Top of SOURCE DATA

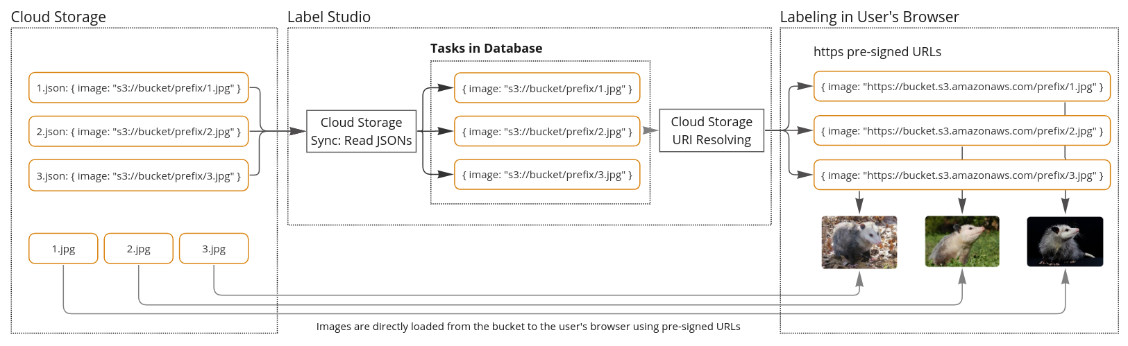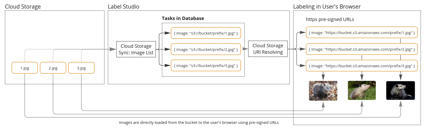 Task data synced from cloud storage is not stored in Label Studio. Instead, the data is accessed using a URL. You can also secure access to cloud storage using cloud storage credentials. For details, see Secure access to cloud storage.
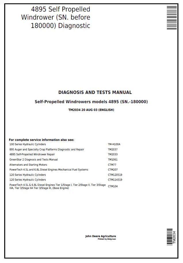 John Deere 4895 Self Propelled Windrower Diagnosis and Test Manual TM2034 provides comprehensive technical guidance for service technicians and equipment operators. This official documentation covers diagnostic procedures, troubleshooting protocols, and testing methodologies specific to the 4895 model. Access detailed schematics, component specifications, and step-by-step repair instructions to maintain peak performance and resolve operational issues efficiently. Essential reference material for authorized dealers and maintenance professionals managing this heavy-duty hay equipment.
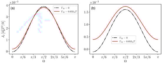 Heat current flowing out of the cold bath as a function of the rotation angle for (Panel (a)) and (Panel (b)). We take , , , , .
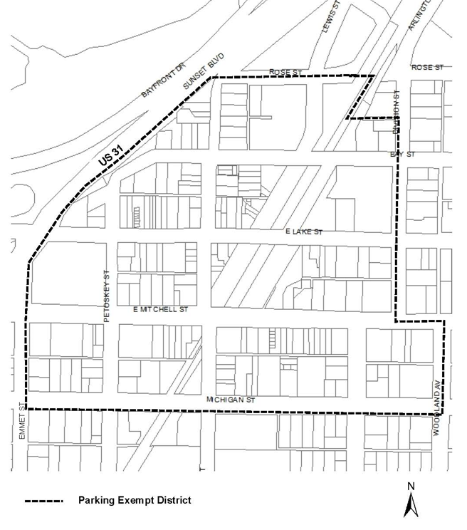 Exception to general provisions. The area delineated as the Central Business Parking Exempt District is exempt from providing off-street parking, but if off-street parking and loading requirements are provided, the lot shall meet all applicable design standards of this Zoning Code. The Central Business Parking Exempt District is defined as the area bounded by Michigan Street on the south, Rose Street on the north, U.S. 31 and Emmet Street on the west, and on the east, it follows Woodland and Division Streets to a point 138 feet north of the Bay Street right-of-way to an east-west alley, thence west to the former railroad corridor now identified as the Downtown Greenway Corridor, thence northeast until it reaches the Rose Street right-of-way as illustrated below:
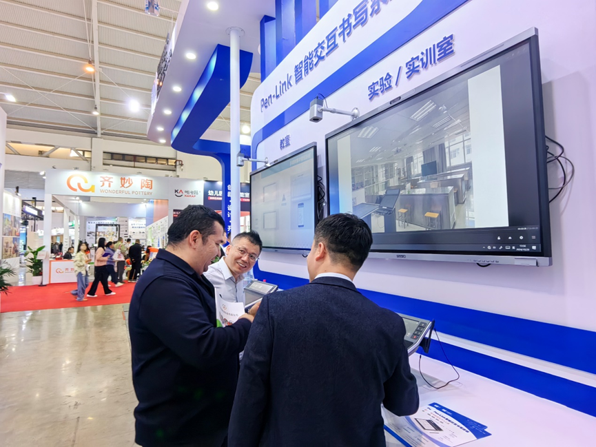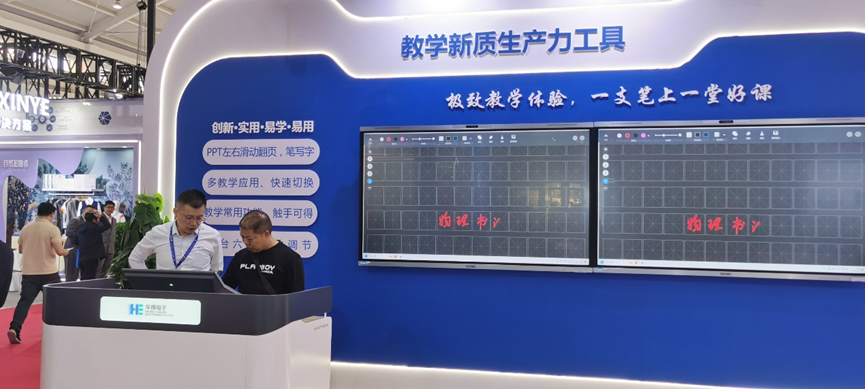 展會現(xiàn)場,華璨電子的展館內(nèi)人聲鼎沸,參觀者絡(luò)繹不絕。公司匠心打造的Pen-Link智能交互書寫系統(tǒng)成為展會的一大亮點(diǎn),吸引了眾多教育專業(yè)人士的駐足體驗與交流。Pen-Link智能交互書寫系統(tǒng)不僅被應(yīng)用教室,同樣還廣泛應(yīng)用于實驗室、實訓(xùn)室、會議室、報告廳等多種場景,為教育行業(yè)的信息化發(fā)展注入了新的活力。
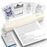POLONOポータブルプリンターD810は、インクレスBluetoothサーマルプリンターで、iOSやAndroid、ノートパソコンに対応。サイズはUSレター(8.5インチx11インチ)で、旅行やオフィス、家庭に最適なライトイエローのデザインです。

Bottom of SOURCE DATA

**YOUR INSTRUCTIONS**. Leaving the pictures behind, return every line above exactly.

**SOLUTION**.
 Task data synced from cloud storage is not stored in Label Studio. Instead, the data is accessed using a URL. You can also secure access to cloud storage using cloud storage credentials. For details, see Secure access to cloud storage.
 John Deere 4895 Self Propelled Windrower Diagnosis and Test Manual TM2034 provides comprehensive technical guidance for service technicians and equipment operators. This official documentation covers diagnostic procedures, troubleshooting protocols, and testing methodologies specific to the 4895 model. Access detailed schematics, component specifications, and step-by-step repair instructions to maintain peak performance and resolve operational issues efficiently. Essential reference material for authorized dealers and maintenance professionals managing this heavy-duty hay equipment.
 Heat current flowing out of the cold bath as a function of the rotation angle for (Panel (a)) and (Panel (b)). We take , , , , .
 Exception to general provisions. The area delineated as the Central Business Parking Exempt District is exempt from providing off-street parking, but if off-street parking and loading requirements are provided, the lot shall meet all applicable design standards of this Zoning Code. The Central Business Parking Exempt District is defined as the area bounded by Michigan Street on the south, Rose Street on the north, U.S. 31 and Emmet Street on the west, and on the east, it follows Woodland and Division Streets to a point 138 feet north of the Bay Street right-of-way to an east-west alley, thence west to the former railroad corridor now identified as the Downtown Greenway Corridor, thence northeast until it reaches the Rose Street right-of-way as illustrated below:
 展會現(xiàn)場,華璨電子的展館內(nèi)人聲鼎沸,參觀者絡(luò)繹不絕。公司匠心打造的Pen-Link智能交互書寫系統(tǒng)成為展會的一大亮點(diǎn),吸引了眾多教育專業(yè)人士的駐足體驗與交流。Pen-Link智能交互書寫系統(tǒng)不僅被應(yīng)用教室,同樣還廣泛應(yīng)用于實驗室、實訓(xùn)室、會議室、報告廳等多種場景,為教育行業(yè)的信息化發(fā)展注入了新的活力。
POLONOポータブルプリンターD810は、インクレスBluetoothサーマルプリンターで、iOSやAndroid、ノートパソコンに対応。サイズはUSレター(8.5インチx11インチ)で、旅行やオフィス、家庭に最適なライトイエローのデザインです。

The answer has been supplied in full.